7. Rizal continued his medical studies in Paris and Heidelberg; in 1887 he wrote his first
novel, Noli me tangere (“Touch Me Not”), a passionate exposure of the evils of the friars rule,
comparable in its impact to Harriet Beecher Stowe’s exposure of Negro suppression in the
United States, Uncle Tom’s Cabin. A sequel, El Filibusterismo (1891, “Filibusterism”)
established his reputation as the leading spokesman of the Philippine reform
movement. In1890 he wrote an edition of Antonio Morgas’ Succesos de las Islas Filipinas,
which showed that the native people of the Philippines had a long history before the coming
of the Spaniards.
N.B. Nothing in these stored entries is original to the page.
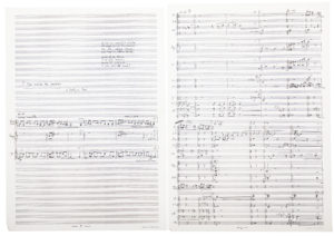 Philippe BOESMANS (né 1936). — Manuscrit musical autographe signé, L’Eau douce du pardon ; titre et 27 feuillets 42 x 30 cm. — Partition d’orchestre de cette cantate sur un poème de Rainer Maria Rilke. Commande de la Société...
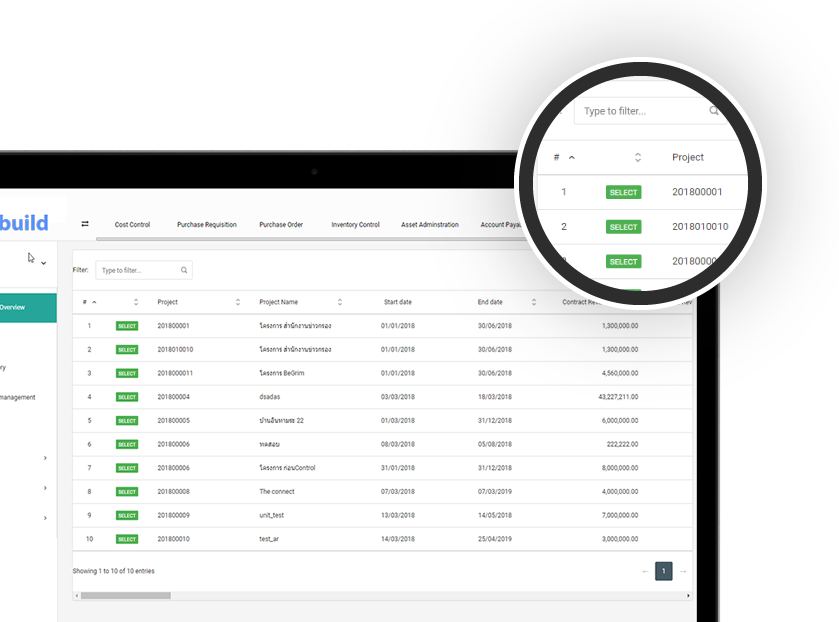 สร้างการเติบโตให้ยั่งยืน และขยายสเกลงานได้อย่างเต็มที่ เนื่องจากซอฟต์แวร์ของเรารองรับ ขนาดธุรกิจตั้งแต่ไซต์เล็ก ไปจนถึงไซต์ใหญ่ และรองรับการบริหารจัดการด้านงานรับเหมาก่อสร้างได้อย่างดีเยี่ยม
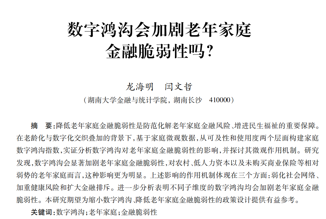 近日,果冻传媒 应用金融系龙海明教授和2021级博士研究生闫文哲合作的题为“数字鸿沟会加剧老年家庭金融脆弱性吗?”的论文发表在《金融研究》2024年第11期。
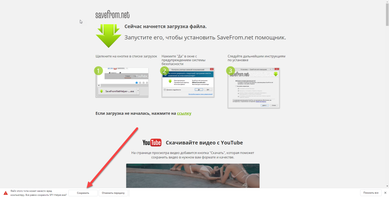 Внизу вам нужно нажать кнопку Сохранить, чтобы файл был скачан с данного ресурса
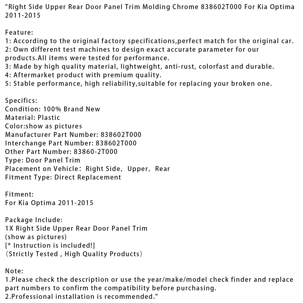 Moldura do painel da porta traseira superior direita cromada 838602T000 para Kia Optima 2011-2015
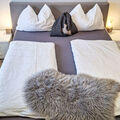 "Tobias 1", 2-room apartment 40 m2 on 1st floor. Cosy furnishings: living/sleeping room with 1 double sofabed, dining table, satellite TV and radio. 1 double bedroom. Open kitchen (oven, dishwasher, 4 ceramic glass hob hotplates, toaster, kettle, microwave, electric coffee machine). Shower/WC. Heating. Deck chairs. Facilities: children's high chair, baby cot. Internet (WiFi, free). Please note: non-smokers only. 1 pet/ dog allowed. Private entrance. Only bookable for holiday stays. When there are less than the maximum number of guests staying at the property, not all of the housing units will be available for use. 50417-000437-2020
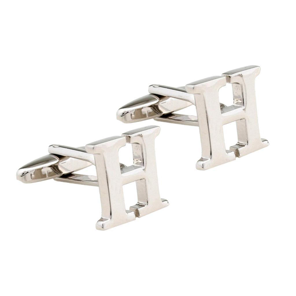 Maxbell Mens Brass Initial Cufflinks Letter Business Shirt Cuff Links Wedding Gift H
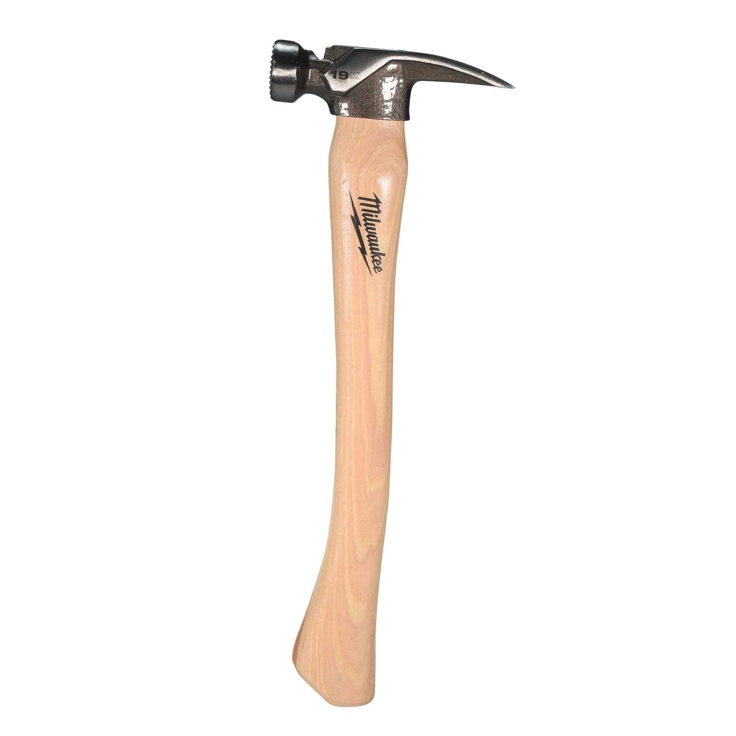The Milwaukee 48-22-9419 19oz Milled Face Hickory Handle Framing Hammer is designed for our carpenters and craftspeople with a precision balanced design and naturally shock-absorbing American Hickory handle to give you the Best Driving Performance. The wood handle framing hammer has a magnetic nail set in the metal head to help you work more productively. It also features an ax-style curved handle that gives you a better, more comfortable grip on the hammer as well as an anti-ring claw.
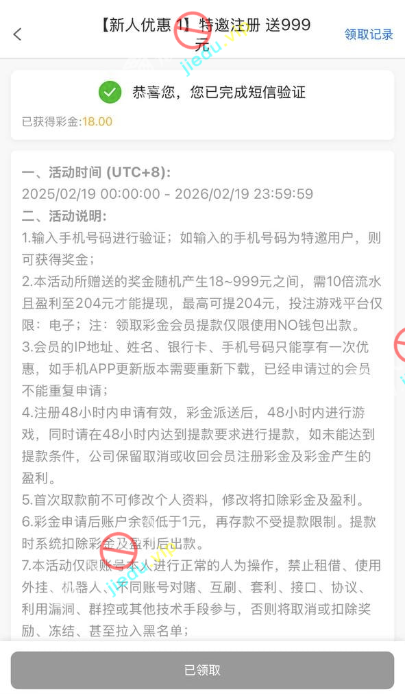 到账情况: 白嫖即可(勿充值)
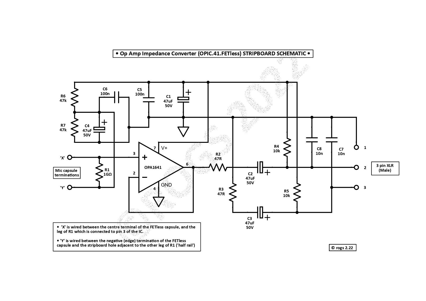This most simple application using the OPA1641 opamp only includes 2 resistors in the signal path - R1 and R2. This will help to minimise any noise generated by the circuitry, and should allow for microphone with a self noise level of only around 8dB (A-weighted) to be created.
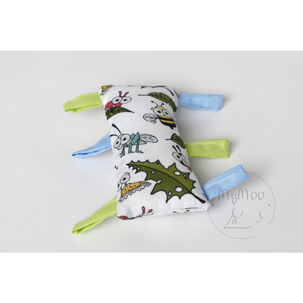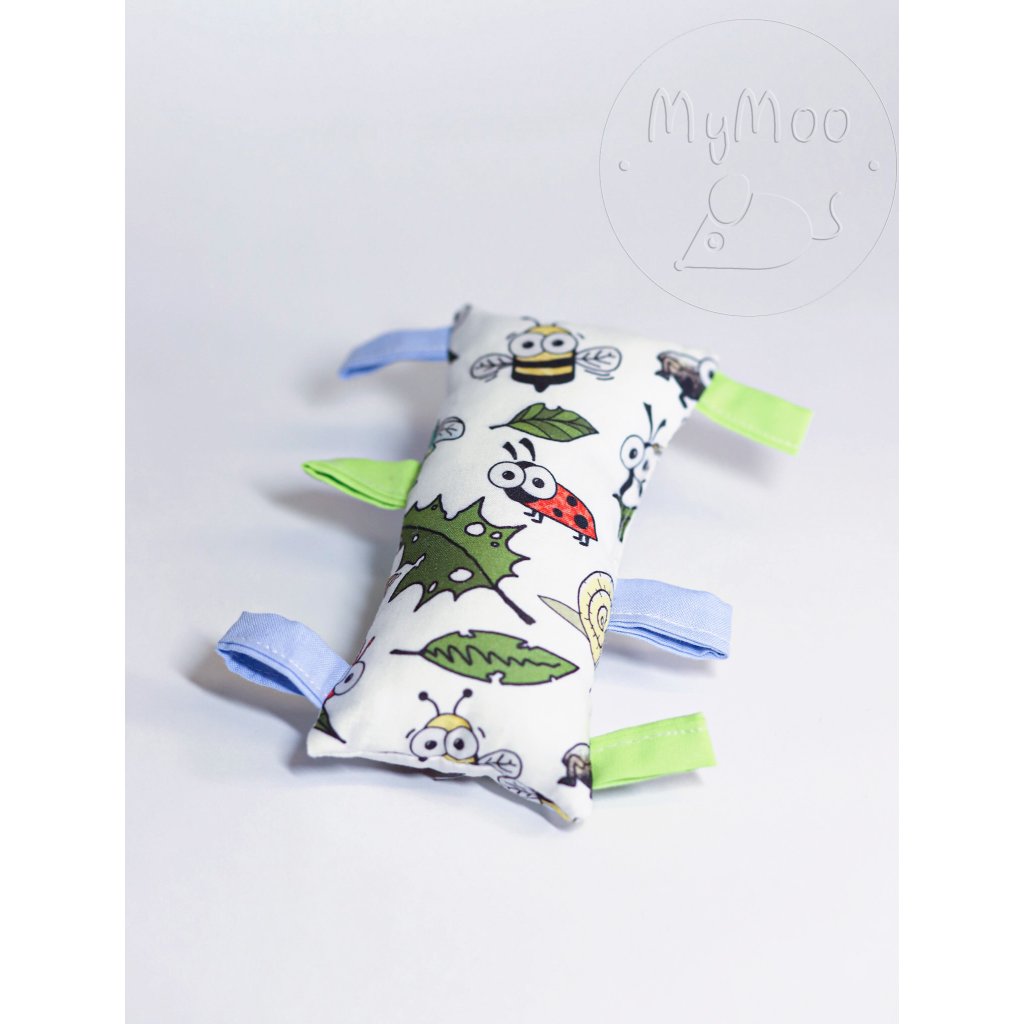 Malý úchopový polštářek ze 100% bavlny lze použít jako zdravější variantu plastového chrastítka. Napomáhá správné stimulaci mozkových center a stimulaci smyslů: zrak - využití různých vzorů a geometrických tvarů, které bude děťátko očima fixovat, snažit se zaostřovat zrak a zkoumat. sluch - většina nepřirozených zvukových efektů působí na citlivý nervový systém děťátka rušivě. Tento polštářek obsahuje jen jemně zvonící rolničku, díky které na sebe polštářek v pohybu upozorní a stimuluje tak sluchové centrum. hmat - střídání hladkých povrchů bavlny na stranách polštářku a vyčnívajících stuh pomáhá stimulovat hmat. Polštářek obsahuje mnoho stužek po obvodu, které slouží na trénink úchopu. Výplň - molitan. Rozměr: 16x8cm. Ošetřování - praní v pračce do max. 40 stupňů, nebělit, nesušit v sušičce, nečistit chemicky.

He became the leader of the Propaganda Movement, contributing
numerous articles to its newspaper, La Solidaridad, published in Barcelona. Rizal’s political
program, as expressed in the columns of the newspaper, included integration of the
Philippines as a province of Spain, representation in the Cortes (the Spanish parliament), the
replacement of the Spanish friars by native Philippine priests, freedom of assembly and
expression, and equality of Filipinos and Spaniards before the law.
Against the advice of his parents and friends, Rizal returned to the Philippines in 1892. When
he founded a nonviolent reform society, the Liga Filipina, in Manila, the Spanish arrested and
deported him to Dapitan in northwest Mindanao. He remained in exile for four years, doing
scientific research and founding a school and hospital. In 1896, however, an insurrection led
by the nationalist secret society, the Katipunan, broke out; although he had no connections
with that organization or any part in the revolt, he was arrested and tried for sedition by the
military. Found guilty, he was publicly executed by a firing squad in Manila. His martyrdom
convinced Filipinos from Spain. On the eve of his execution, while confined in Ft. Santiago,
Rizal wrote Ultimo Adios (“The Last Farewell”), a masterpiece of 19th-century Spanish verse.